What this task involves: Everything from the line with "Dazzle in this" through the last line of the data below should be copied exactly, apart from the pictures.

Supplied material:
═══

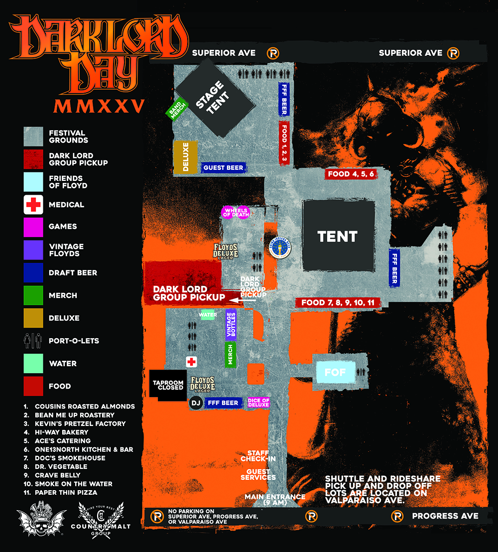 – Access to the Deluxe tent located in stage lot, which includes an exclusive bar featuring ultra-rare barrel-aged Dark Lord variants from the 3 Floyds vault for purchase, private restrooms, and a separate food tent
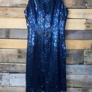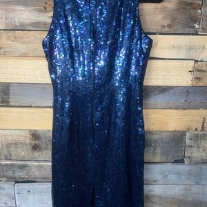 Dazzle in this elegant sequin navy dress, perfect for any special occasion.
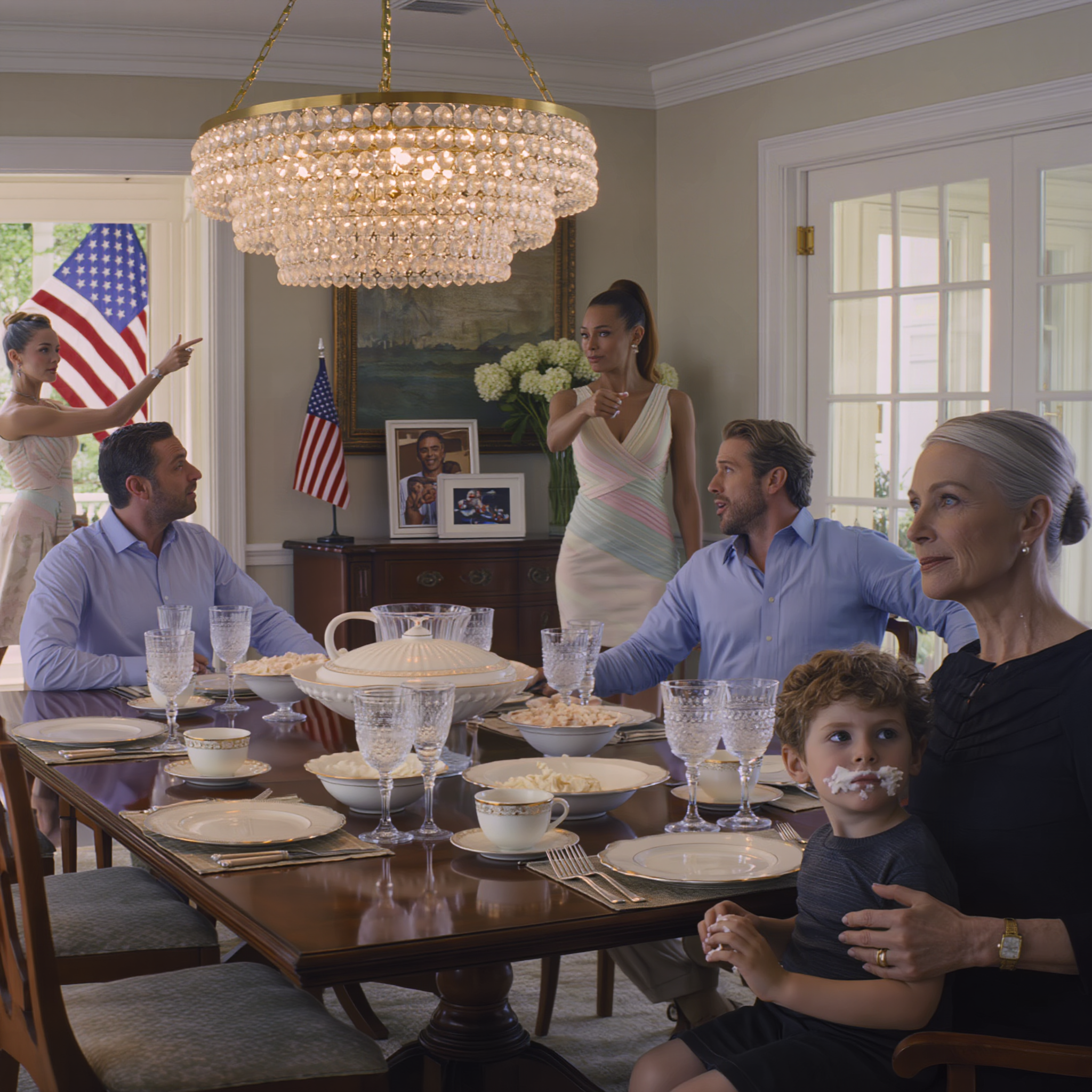 “Security!” she called out loudly, though there was no security present. “Could you please escort this woman out? She’s disturbing our family dinner.”

═══

Answer to this task:
 Dazzle in this elegant sequin navy dress, perfect for any special occasion.
 “Security!” she called out loudly, though there was no security present. “Could you please escort this woman out? She’s disturbing our family dinner.”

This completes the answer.